▶ [MATERIAL TO PROCESS]:
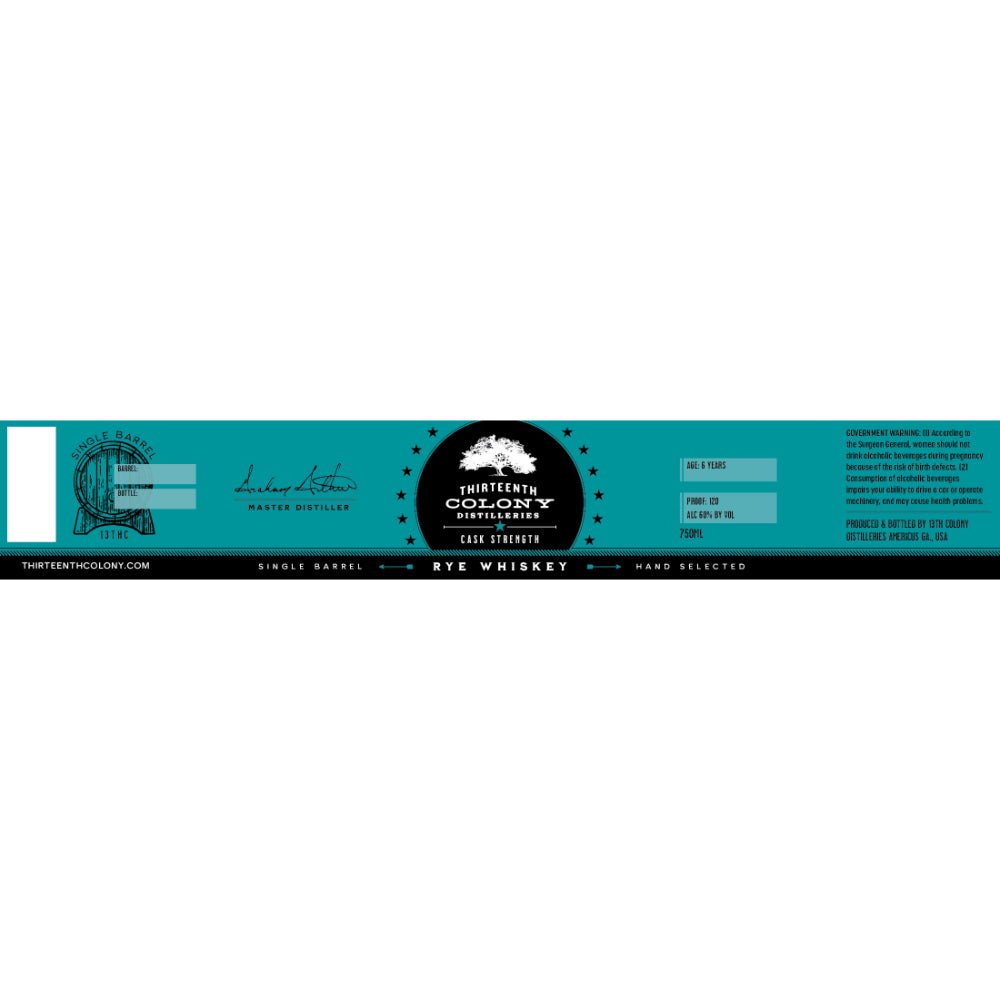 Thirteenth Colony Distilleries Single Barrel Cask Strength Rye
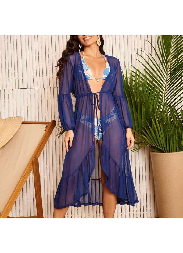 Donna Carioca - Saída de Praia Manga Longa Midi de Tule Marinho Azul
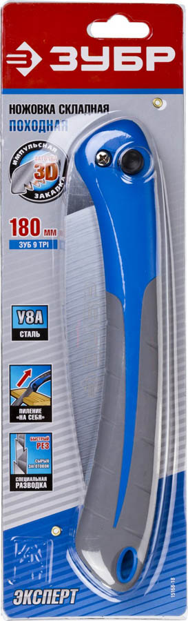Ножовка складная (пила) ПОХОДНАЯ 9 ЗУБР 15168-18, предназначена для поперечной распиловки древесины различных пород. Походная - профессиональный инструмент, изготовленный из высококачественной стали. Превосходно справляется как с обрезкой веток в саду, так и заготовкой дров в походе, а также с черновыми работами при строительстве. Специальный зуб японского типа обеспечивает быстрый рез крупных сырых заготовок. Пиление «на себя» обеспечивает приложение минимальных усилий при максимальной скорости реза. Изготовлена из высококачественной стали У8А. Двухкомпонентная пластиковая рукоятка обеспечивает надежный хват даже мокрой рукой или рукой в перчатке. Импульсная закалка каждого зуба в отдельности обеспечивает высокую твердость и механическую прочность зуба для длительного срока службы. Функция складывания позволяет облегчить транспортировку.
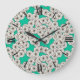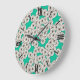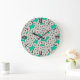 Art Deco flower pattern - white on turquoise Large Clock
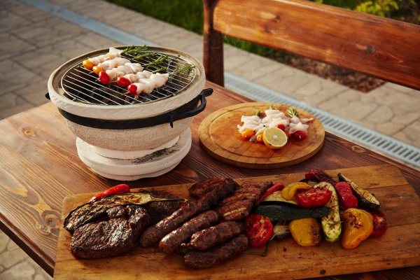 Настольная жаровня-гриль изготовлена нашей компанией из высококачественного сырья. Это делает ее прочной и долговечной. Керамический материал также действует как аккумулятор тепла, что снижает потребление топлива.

▶ [EXERCISE AIM]: Every record above must be copied exactly; none of the pictures belong in the copy.

▶ [EXPECTED OUTPUT]:
 Thirteenth Colony Distilleries Single Barrel Cask Strength Rye
 Donna Carioca - Saída de Praia Manga Longa Midi de Tule Marinho Azul
Ножовка складная (пила) ПОХОДНАЯ 9 ЗУБР 15168-18, предназначена для поперечной распиловки древесины различных пород. Походная - профессиональный инструмент, изготовленный из высококачественной стали. Превосходно справляется как с обрезкой веток в саду, так и заготовкой дров в походе, а также с черновыми работами при строительстве. Специальный зуб японского типа обеспечивает быстрый рез крупных сырых заготовок. Пиление «на себя» обеспечивает приложение минимальных усилий при максимальной скорости реза. Изготовлена из высококачественной стали У8А. Двухкомпонентная пластиковая рукоятка обеспечивает надежный хват даже мокрой рукой или рукой в перчатке. Импульсная закалка каждого зуба в отдельности обеспечивает высокую твердость и механическую прочность зуба для длительного срока службы. Функция складывания позволяет облегчить транспортировку.
 Art Deco flower pattern - white on turquoise Large Clock
 Настольная жаровня-гриль изготовлена нашей компанией из высококачественного сырья. Это делает ее прочной и долговечной. Керамический материал также действует как аккумулятор тепла, что снижает потребление топлива.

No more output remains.